**Task to complete**
What needs reproducing is the run of lines in the data below starting at the line with "這款方形氣球長衫的輪廓柔和嫵媚。" and ending at the line with "Stunning ranch style", both ends included. Copy it exactly, without pictures, and add nothing.

**Provided entries**
BEGIN
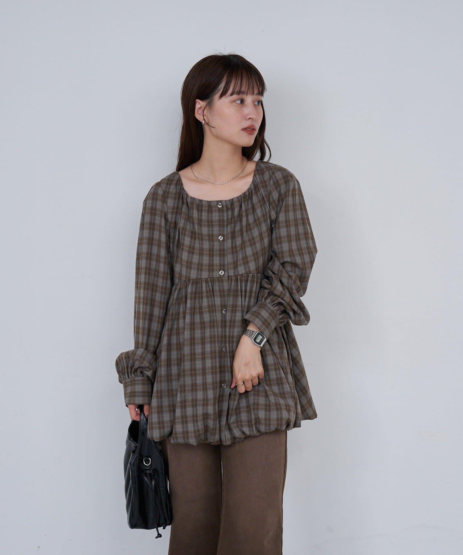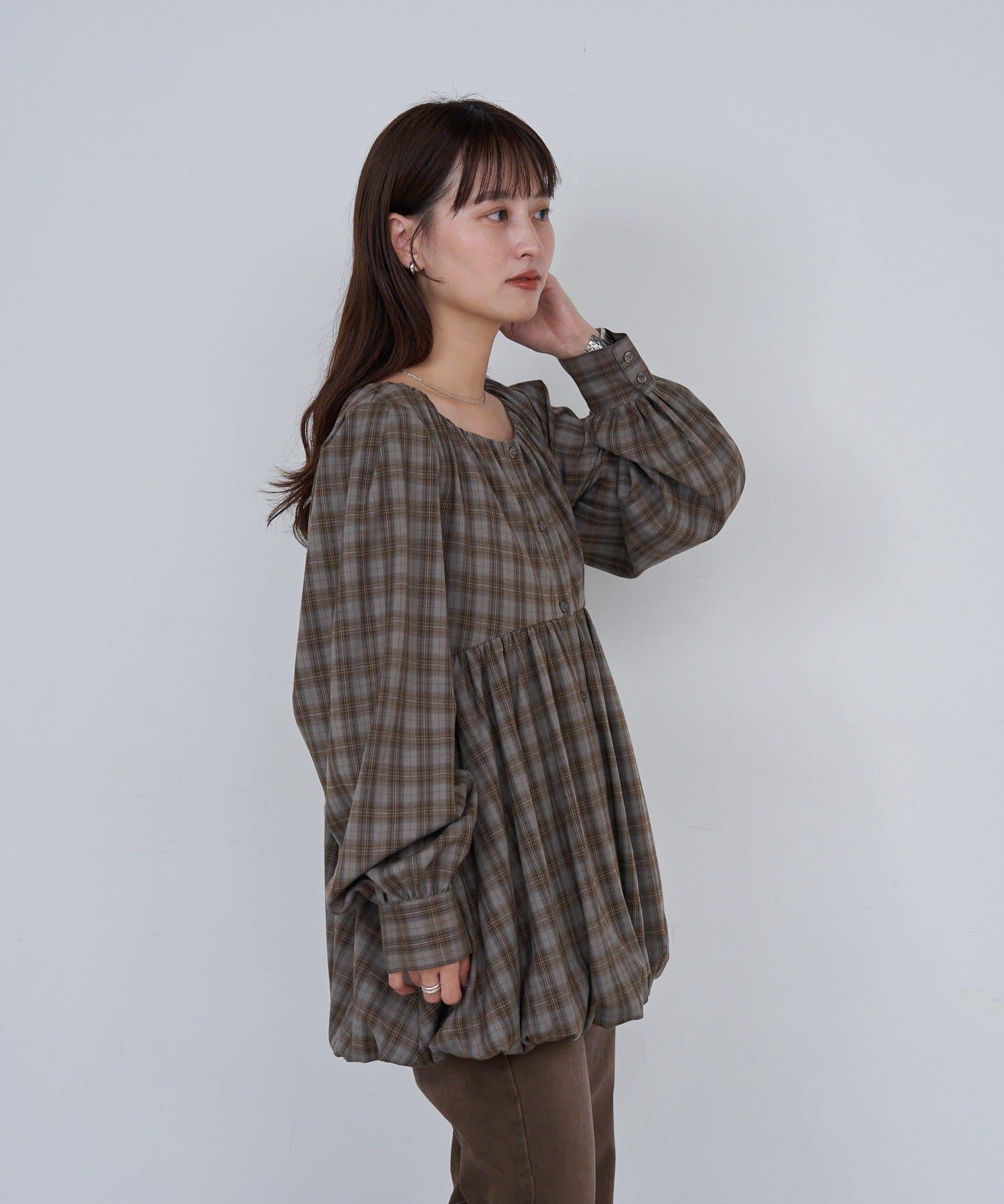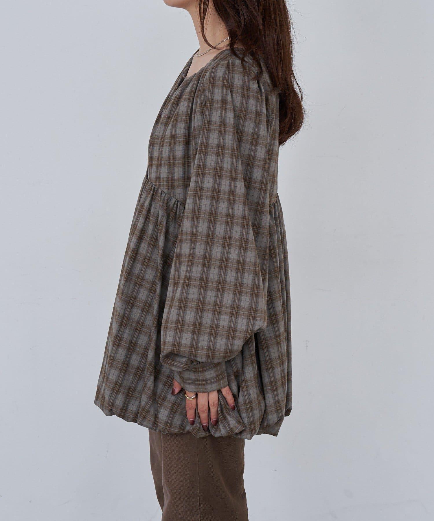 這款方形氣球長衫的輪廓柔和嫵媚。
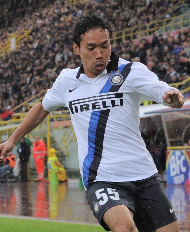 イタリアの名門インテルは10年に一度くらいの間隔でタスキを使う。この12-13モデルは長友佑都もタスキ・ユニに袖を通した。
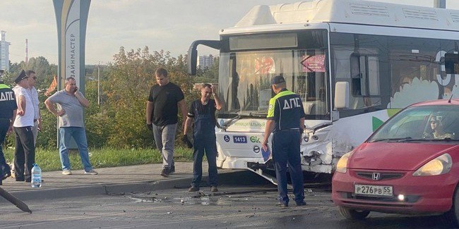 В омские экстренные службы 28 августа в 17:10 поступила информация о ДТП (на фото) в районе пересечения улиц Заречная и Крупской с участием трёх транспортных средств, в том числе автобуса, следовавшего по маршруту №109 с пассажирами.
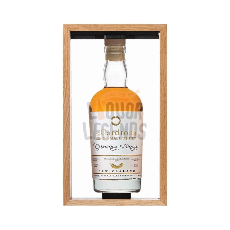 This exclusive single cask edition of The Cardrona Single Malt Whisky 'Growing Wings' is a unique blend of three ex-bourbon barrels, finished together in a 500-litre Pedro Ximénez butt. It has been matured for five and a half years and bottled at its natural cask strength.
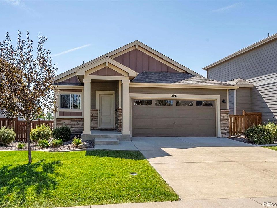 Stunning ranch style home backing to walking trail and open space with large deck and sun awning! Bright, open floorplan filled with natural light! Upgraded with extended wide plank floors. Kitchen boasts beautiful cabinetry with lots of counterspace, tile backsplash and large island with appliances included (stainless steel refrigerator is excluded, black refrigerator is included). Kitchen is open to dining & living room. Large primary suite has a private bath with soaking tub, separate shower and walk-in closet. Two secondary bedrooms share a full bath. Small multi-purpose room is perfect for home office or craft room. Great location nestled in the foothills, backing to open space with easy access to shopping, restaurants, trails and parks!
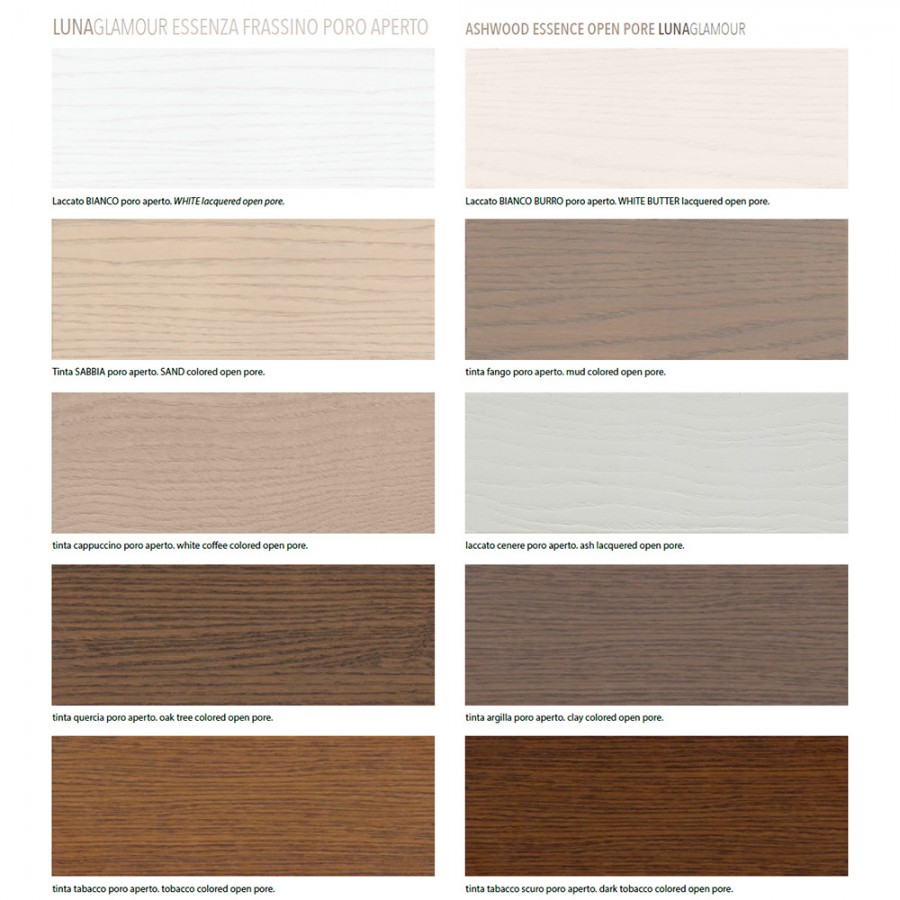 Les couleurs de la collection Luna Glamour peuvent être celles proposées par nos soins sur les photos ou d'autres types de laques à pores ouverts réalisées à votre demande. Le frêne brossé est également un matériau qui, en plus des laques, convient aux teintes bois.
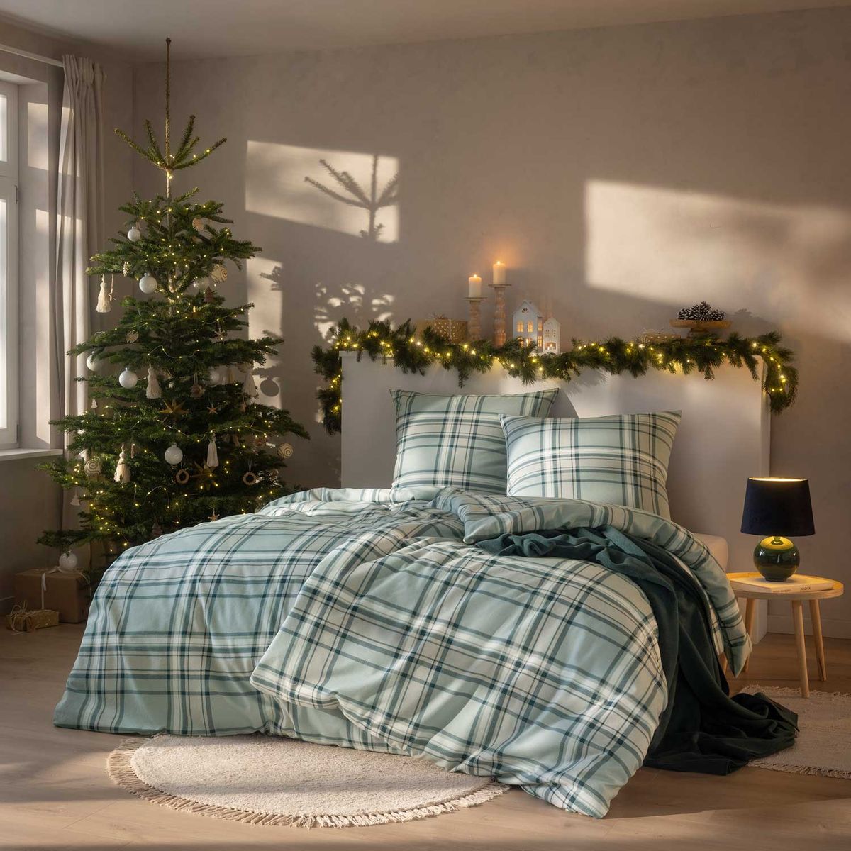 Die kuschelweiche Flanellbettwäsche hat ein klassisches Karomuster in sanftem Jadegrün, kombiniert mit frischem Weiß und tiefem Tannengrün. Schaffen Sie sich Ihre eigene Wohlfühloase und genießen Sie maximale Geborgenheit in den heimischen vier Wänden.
END
BEGIN
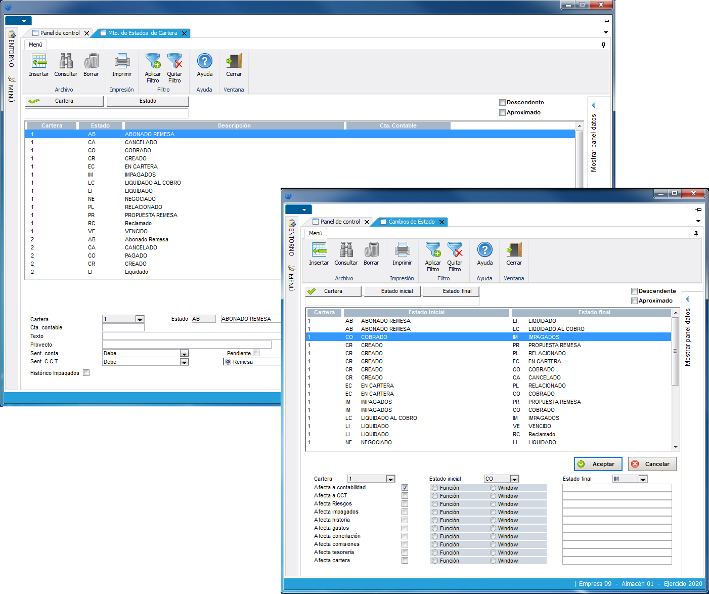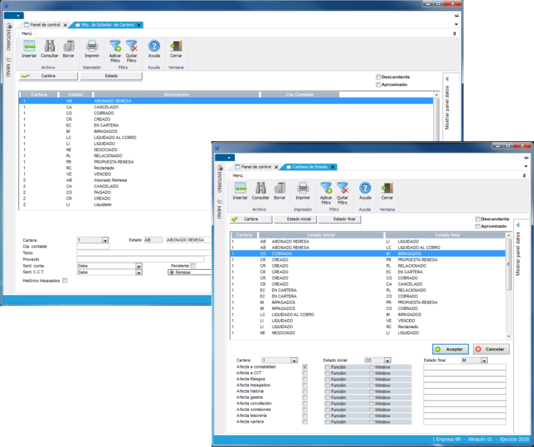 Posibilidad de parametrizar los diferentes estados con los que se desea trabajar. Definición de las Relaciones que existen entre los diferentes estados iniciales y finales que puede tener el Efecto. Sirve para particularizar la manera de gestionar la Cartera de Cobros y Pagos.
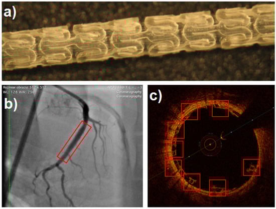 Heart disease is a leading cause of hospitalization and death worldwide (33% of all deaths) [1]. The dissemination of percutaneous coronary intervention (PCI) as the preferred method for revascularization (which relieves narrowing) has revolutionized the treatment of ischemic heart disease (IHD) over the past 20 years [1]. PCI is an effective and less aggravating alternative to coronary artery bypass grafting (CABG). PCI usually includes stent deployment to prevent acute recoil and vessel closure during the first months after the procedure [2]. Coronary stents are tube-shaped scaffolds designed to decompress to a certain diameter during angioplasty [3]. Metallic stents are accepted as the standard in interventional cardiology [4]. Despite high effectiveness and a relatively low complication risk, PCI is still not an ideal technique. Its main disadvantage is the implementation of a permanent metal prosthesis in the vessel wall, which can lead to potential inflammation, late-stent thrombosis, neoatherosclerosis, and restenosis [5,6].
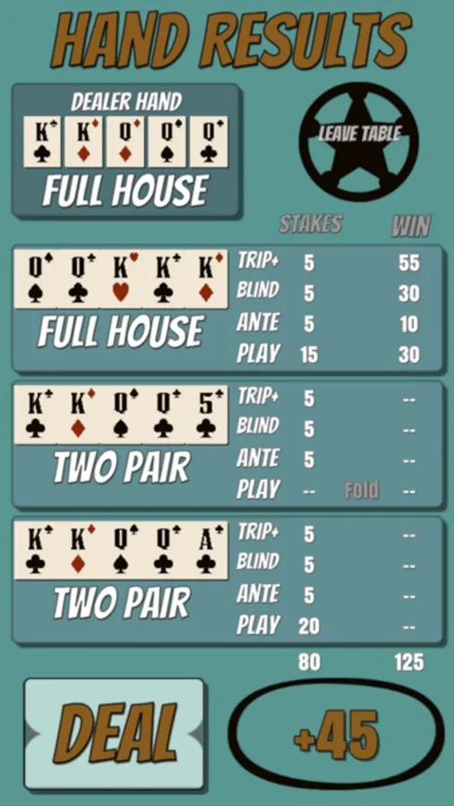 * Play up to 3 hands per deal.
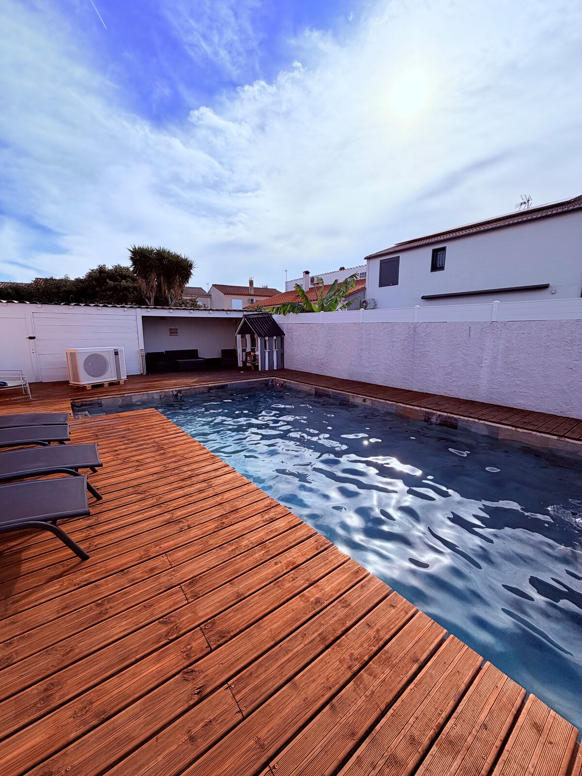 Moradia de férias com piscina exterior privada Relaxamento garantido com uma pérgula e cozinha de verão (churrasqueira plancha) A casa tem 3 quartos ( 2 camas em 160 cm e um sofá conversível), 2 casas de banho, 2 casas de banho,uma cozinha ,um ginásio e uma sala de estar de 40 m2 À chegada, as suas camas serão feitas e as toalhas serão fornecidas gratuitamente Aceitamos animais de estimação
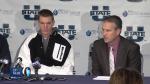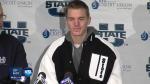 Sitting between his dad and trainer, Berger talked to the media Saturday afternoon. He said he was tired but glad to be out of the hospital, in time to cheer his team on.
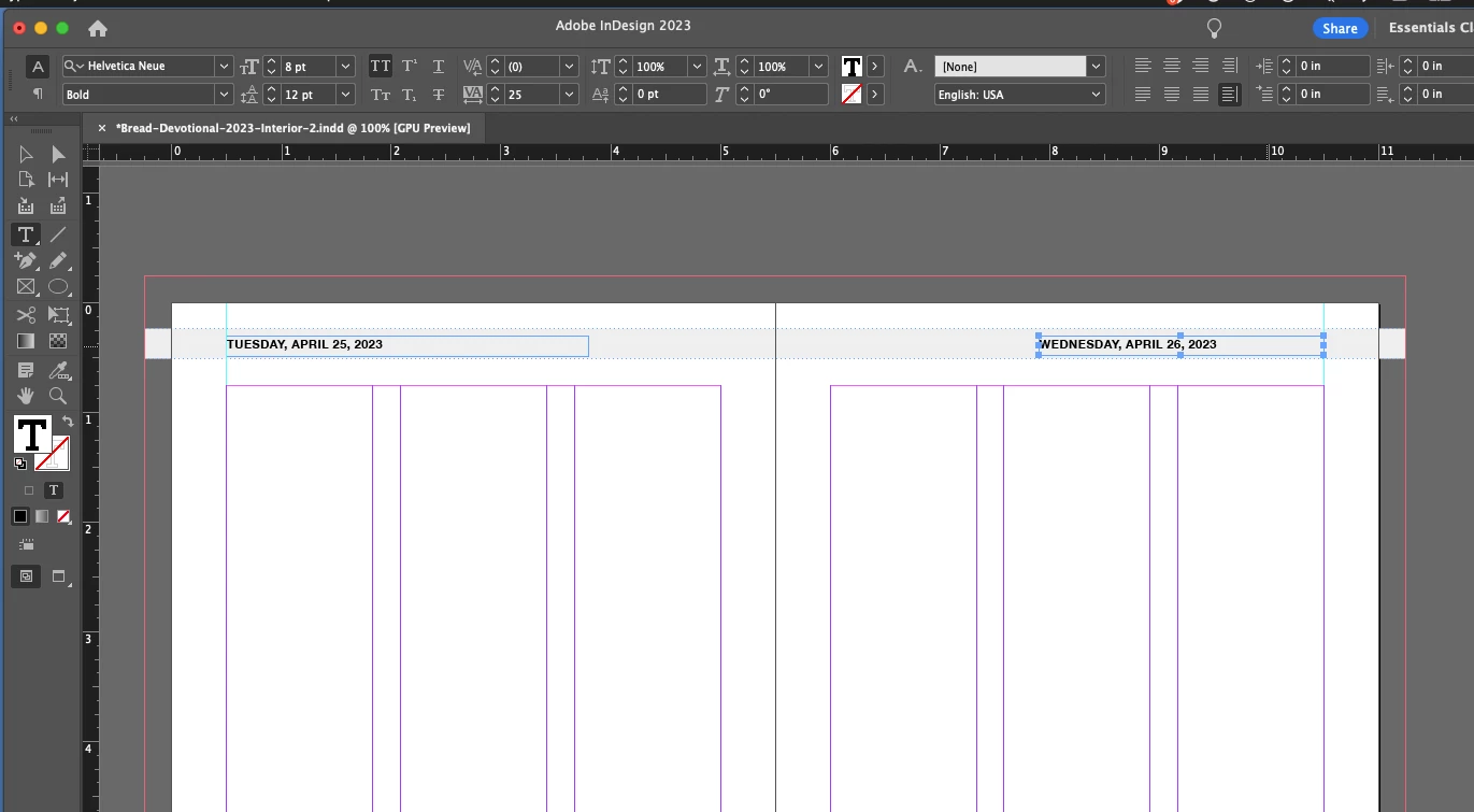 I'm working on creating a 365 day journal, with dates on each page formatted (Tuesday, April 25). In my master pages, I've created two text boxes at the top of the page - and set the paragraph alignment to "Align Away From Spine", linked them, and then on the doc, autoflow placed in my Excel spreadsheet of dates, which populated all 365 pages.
END
BEGIN
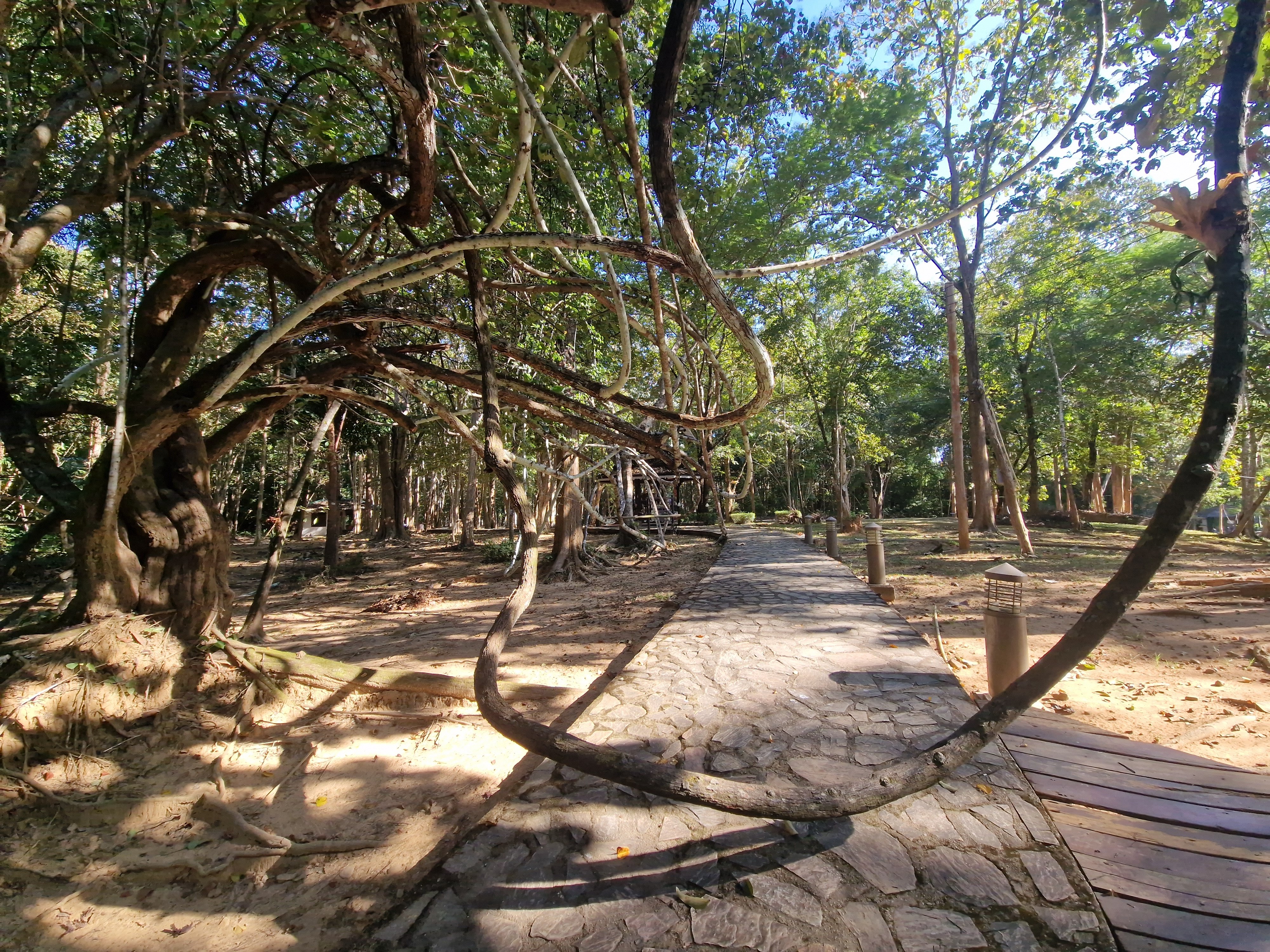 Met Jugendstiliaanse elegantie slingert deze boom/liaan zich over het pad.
END
**Answer to this exercise**
 這款方形氣球長衫的輪廓柔和嫵媚。
 イタリアの名門インテルは10年に一度くらいの間隔でタスキを使う。この12-13モデルは長友佑都もタスキ・ユニに袖を通した。
 В омские экстренные службы 28 августа в 17:10 поступила информация о ДТП (на фото) в районе пересечения улиц Заречная и Крупской с участием трёх транспортных средств, в том числе автобуса, следовавшего по маршруту №109 с пассажирами.
 This exclusive single cask edition of The Cardrona Single Malt Whisky 'Growing Wings' is a unique blend of three ex-bourbon barrels, finished together in a 500-litre Pedro Ximénez butt. It has been matured for five and a half years and bottled at its natural cask strength.
 Stunning ranch style home backing to walking trail and open space with large deck and sun awning! Bright, open floorplan filled with natural light! Upgraded with extended wide plank floors. Kitchen boasts beautiful cabinetry with lots of counterspace, tile backsplash and large island with appliances included (stainless steel refrigerator is excluded, black refrigerator is included). Kitchen is open to dining & living room. Large primary suite has a private bath with soaking tub, separate shower and walk-in closet. Two secondary bedrooms share a full bath. Small multi-purpose room is perfect for home office or craft room. Great location nestled in the foothills, backing to open space with easy access to shopping, restaurants, trails and parks!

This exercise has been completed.